2 required information: COLUMN_NAME and TABLE_NAME.

select statement anatomy

the six clauses are:
1. DISTINCT : eliminate the duplicate rows form the query, useful to know values in the table regardless of how many times they have appeared, opposite is ALL.
2. FROM
3. WHERE
4. ORDER BY
5. GROUP BY
6. HAVING: eliminate part of the results depending on a condition.
field_expression (in the image above) can be:
1. field name eg. ID. (field names (columns) in SQL are limited to 24 characters length).
2. ANSI aggregate function as: SUM(), AVG(), MIN(), MAX(), COUNT().
when using * in SELECT statement, columns in the result appear in the order they defined in the table.
when specifying the column to select, the column will appear in the result in the order that specified in the statement.
select statement allows you to use scalar expressions and constant string to specify column names.
scalar expressions allow for dynamic or calculated column names, but the column MUST have numeric type or it will throw an error.

scalar expressions in select statements

lateral strings will appear for each row, they can be enclosed in single or double quotes.

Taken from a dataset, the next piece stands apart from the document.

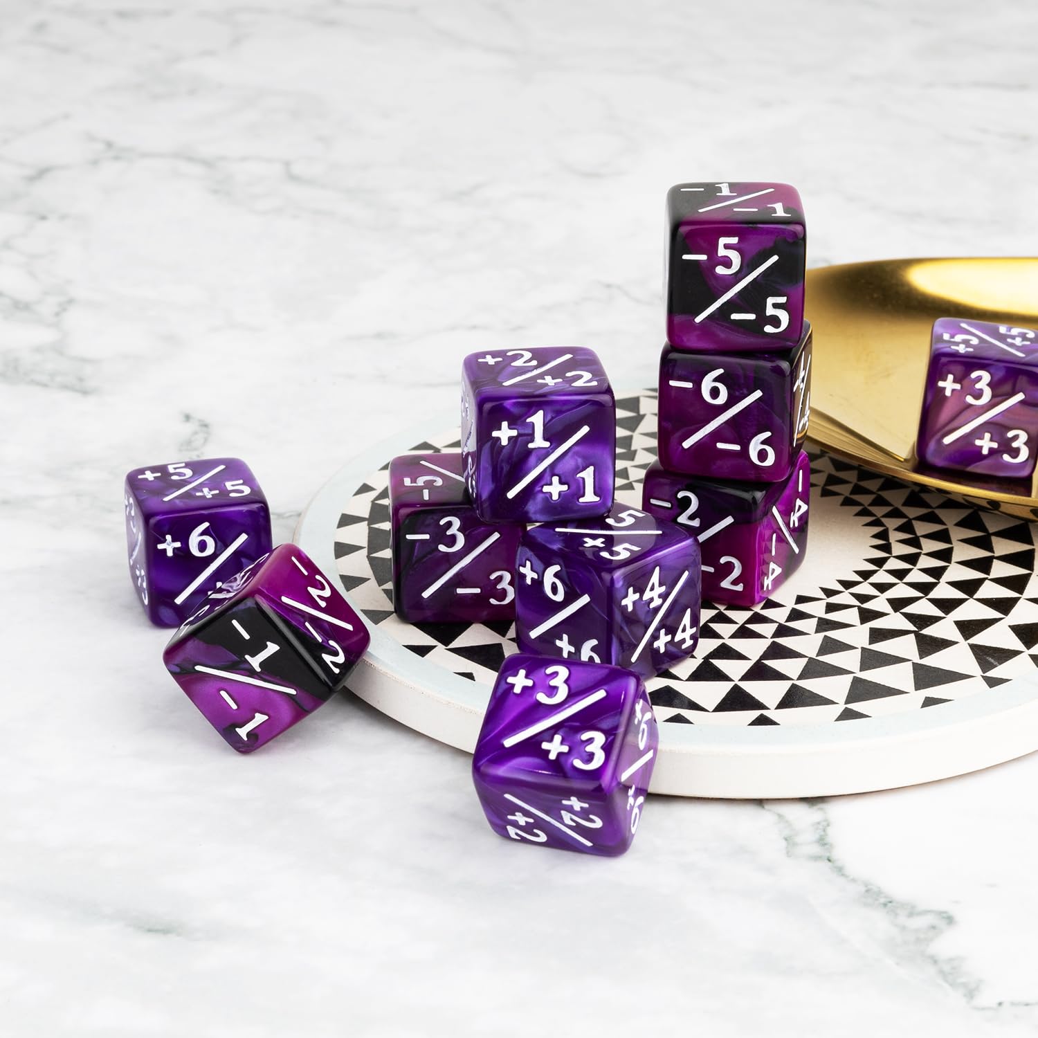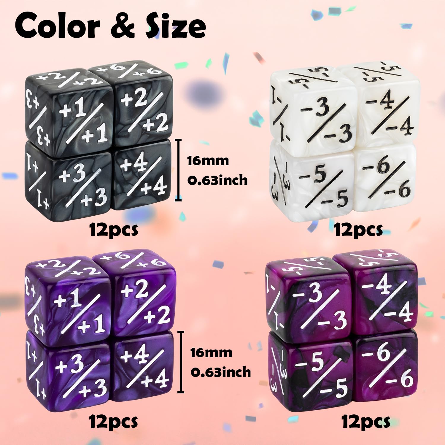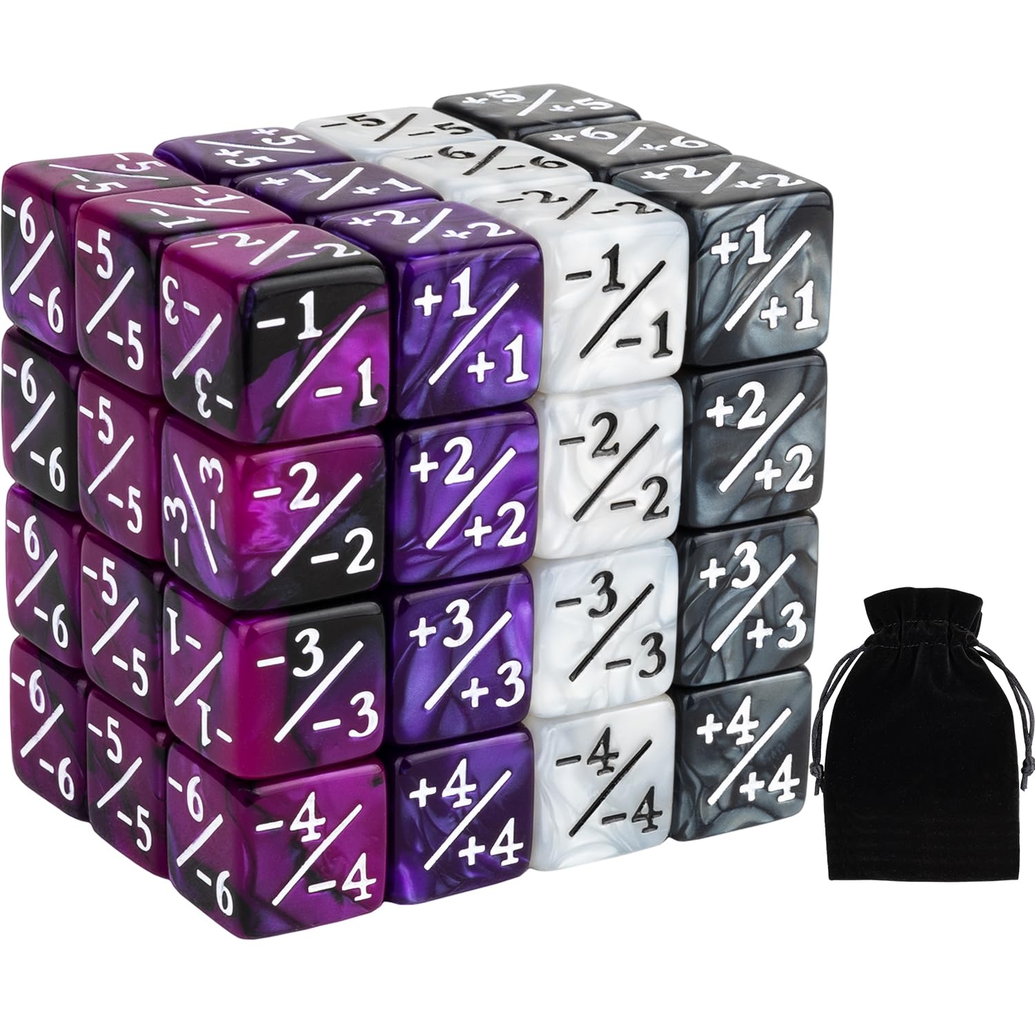 - Q: What does the package include with the Magic Counter Dice? A: The package includes a total of 48 Magic Counter Dice, featuring 12 pieces each of black marble positive dice counters, white marble negative dice counters, purple positive dice counters, and purple&black negative dice counters, along with a convenient black velvet bag for storage.

constant (lateral) strings in the select statements

Cartesian Product¶

when you specify more than one table in the FROM clause, this will produce the cartesian product of the result.
for every row from the left set, a new row matching every single row of the right set will be generated.
if we have 2 rows in the left set, and 3 rows in the right set, the final result will contain 6 rows as in the example below.
The cartesian product is not limited to 2 tables, but this can grow quickly with adding more .
this is not very useful in real-life, but good for science or AI purposes.

Example: Cartesian product¶

we have 4 cars in the cars table

and 2 rows in the sale table

when we execute SELECT YEAR, Tax FROM cars, sale; we got a result of 8 rows, where every YEAR from cars appears in a row with every Tax from sale

Notice that YEAR 1983 appears twice one with Tax 1.298 and one with Tax 1.656. and the same is true for EVERY YEAR.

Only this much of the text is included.